Cette réalité explique pourquoi certains restent sceptiques tandis que d’autres en reviennent bouleversés. Nous allons examiner les preuves scientifiques, comprendre le processus de sélection invisible des volontaires, décrypter les techniques utilisées et répondre à cette question troublante : peut-on vraiment être hypnotisé à travers un écran de télévision ?
| Affirmation | Vérité |
|---|---|
| L’hypnose de Messmer est scientifique | ✅ VRAI (état de conscience modifiée reconnu) |
| Tout le monde peut être hypnotisé facilement | ⚠️ FAUX (seulement 20%, dont 3% très réceptifs) |
| Les participants font semblant | ❌ FAUX (réactions physiologiques mesurables) |
| On peut être hypnotisé par la télévision | ⚠️ VRAI (uniquement pour 3 à 20% des personnes) |
| On peut faire faire n’importe quoi sous hypnose | ❌ FAUX (limites éthiques et morales respectées) |
📋 L’essentiel à retenir
- Messmer (Éric Normandin) est un hypnotiseur québécois qui pratique l’hypnose classique depuis près de 30 ans
- Ses spectacles comme Fascinateur ou Hypersensoriel remplissent les plus grandes salles en France et au Québec
- En avril 2023, il a établi un record du monde en hypnotisant 1066 personnes simultanément au Dôme de Paris
- L’échelle de Stanford permet de mesurer scientifiquement la suggestibilité hypnotique d’une personne
- L’hypnose thérapeutique utilise des méthodes plus douces que l’hypnose de spectacle et s’adresse à tous
L’hypnose pratiquée par Messmer repose-t-elle sur des bases scientifiques ?

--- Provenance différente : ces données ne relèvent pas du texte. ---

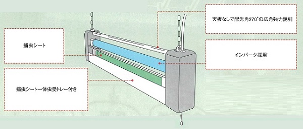 ●捕虫シートは湿度65%の環境でも、液ダレしない特殊粘着剤を使用しています。 ●捕虫シート一体虫受トレー付きなので、捕獲後の虫の落下も防止でき、シートに粘着した虫も、水平下方から見えず不快感を与えません(メーカー特許出願済み) ●天板なしで配光角270°の広角強力誘引、ホコリも溜まらず食品に混入の恐れもありません。 ●インバーター採用でランプのチラツキもなく省エネ仕様(メーカー比8%)でグローもなく、省メンテ仕様にもなっています。 ![]() ■仕様

La réponse est sans équivoque : oui. L’hypnose classique pratiquée par Messmer dans ses spectacles correspond à un état de conscience modifiée parfaitement documenté par la médecine moderne. Cet état se situe entre l’éveil et le sommeil, permettant un accès privilégié au subconscient.
Validation par les experts médicaux
Messmer lui-même l’affirme : « C’est garanti sans trucage. Tout ceci est prouvé scientifiquement. » Loin de revendiquer un quelconque don surnaturel, l’hypnotiseur québécois présente ses talents comme le fruit de techniques scientifiques accessibles. Cette transparence est d’ailleurs saluée par les professionnels de santé.
Le Dr Franck Garden-Brèche, médecin urgentiste et hypnopraticien, confirme la validité de l’approche. L’hypnose est aujourd’hui utilisée en milieu hospitalier pour l’anesthésie, la gestion de la douleur et l’accompagnement thérapeutique. L’état hypnotique permet de modifier la perception sensorielle.
Messmer précise d’ailleurs dans ses spectacles que cette pratique existe également dans un cadre médical et renvoie systématiquement vers les professionnels de santé pour toute utilisation thérapeutique.
Les preuves concrètes observables
Au-delà des déclarations, les preuves tangibles ne manquent pas. Le cas le plus médiatisé reste celui de Denis, un Landais de 51 ans, qui est entré en transe en regardant l’émission « Stars sous hypnose » sur TF1 le 21 mai 2016. Resté figé pendant plus d’une heure devant son écran, son épouse a dû appeler les pompiers.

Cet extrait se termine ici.